Please print, exactly as written, the line containing "The Treylon Burks" and each line after it through the end of the material; pictures stay out.

*** Dataset extract ***

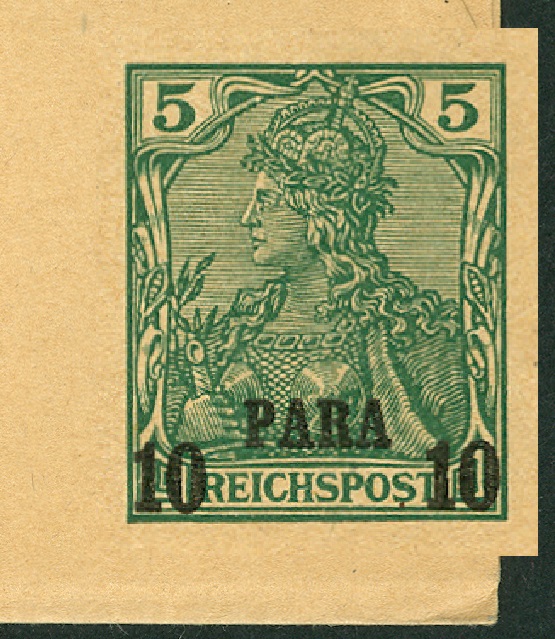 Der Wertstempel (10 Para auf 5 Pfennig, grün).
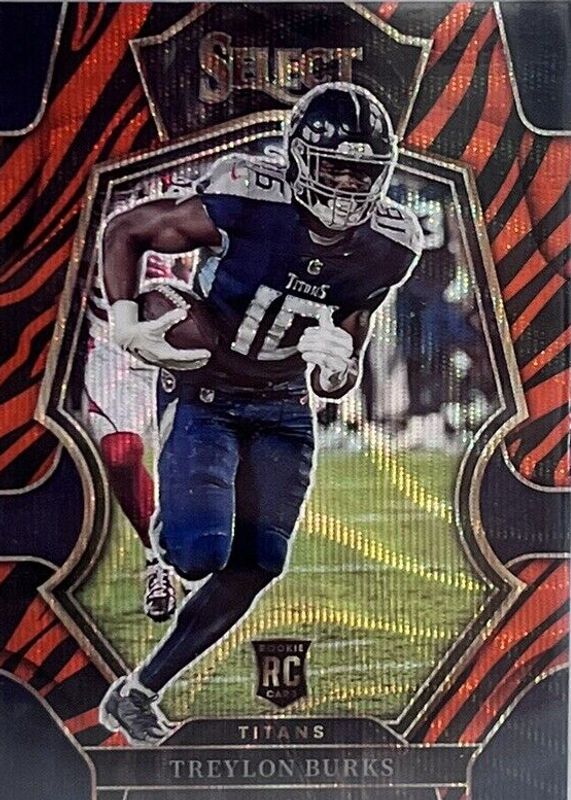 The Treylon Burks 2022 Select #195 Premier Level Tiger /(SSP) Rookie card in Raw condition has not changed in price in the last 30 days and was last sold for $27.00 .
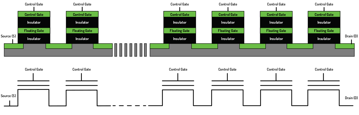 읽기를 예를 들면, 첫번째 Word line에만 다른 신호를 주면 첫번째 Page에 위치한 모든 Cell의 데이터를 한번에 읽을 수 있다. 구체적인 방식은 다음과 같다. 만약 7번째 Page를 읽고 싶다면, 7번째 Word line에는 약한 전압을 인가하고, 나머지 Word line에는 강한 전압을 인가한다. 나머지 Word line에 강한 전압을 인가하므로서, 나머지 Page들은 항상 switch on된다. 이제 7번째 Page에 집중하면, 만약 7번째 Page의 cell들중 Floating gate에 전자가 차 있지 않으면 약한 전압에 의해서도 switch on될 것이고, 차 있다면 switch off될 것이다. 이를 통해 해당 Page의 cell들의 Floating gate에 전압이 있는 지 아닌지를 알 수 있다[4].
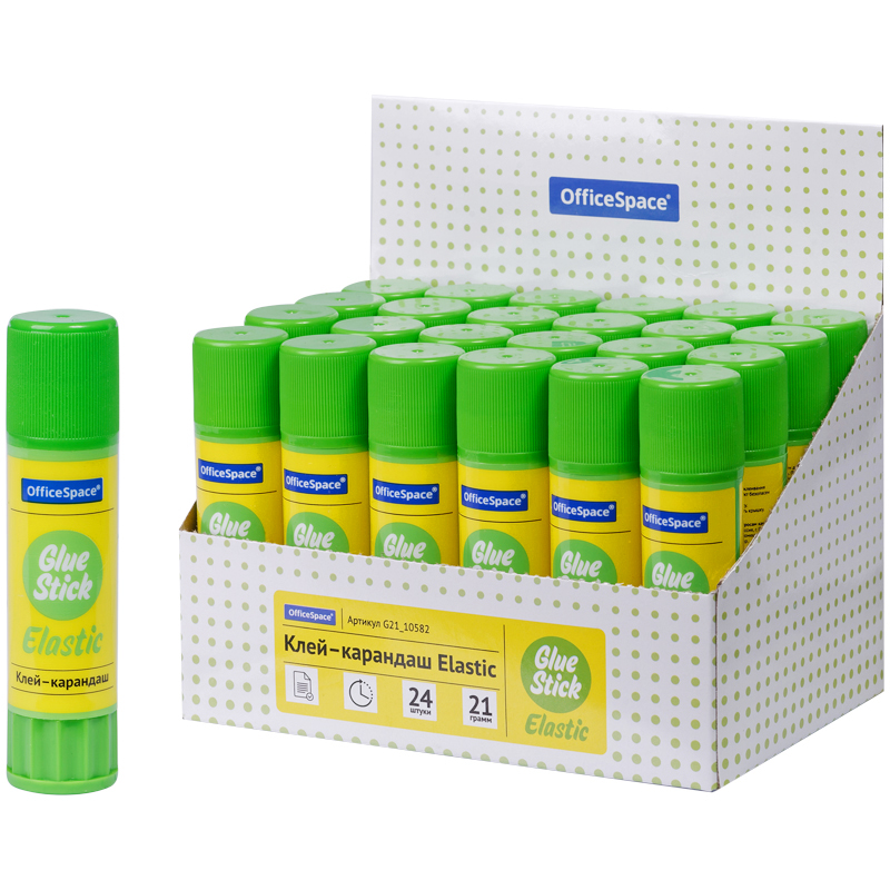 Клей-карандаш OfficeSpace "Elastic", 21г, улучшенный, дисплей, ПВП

*** End of Dataset extract ***

Solution for this problem →
 The Treylon Burks 2022 Select #195 Premier Level Tiger /(SSP) Rookie card in Raw condition has not changed in price in the last 30 days and was last sold for $27.00 .
 읽기를 예를 들면, 첫번째 Word line에만 다른 신호를 주면 첫번째 Page에 위치한 모든 Cell의 데이터를 한번에 읽을 수 있다. 구체적인 방식은 다음과 같다. 만약 7번째 Page를 읽고 싶다면, 7번째 Word line에는 약한 전압을 인가하고, 나머지 Word line에는 강한 전압을 인가한다. 나머지 Word line에 강한 전압을 인가하므로서, 나머지 Page들은 항상 switch on된다. 이제 7번째 Page에 집중하면, 만약 7번째 Page의 cell들중 Floating gate에 전자가 차 있지 않으면 약한 전압에 의해서도 switch on될 것이고, 차 있다면 switch off될 것이다. 이를 통해 해당 Page의 cell들의 Floating gate에 전압이 있는 지 아닌지를 알 수 있다[4].
 Клей-карандаш OfficeSpace "Elastic", 21г, улучшенный, дисплей, ПВП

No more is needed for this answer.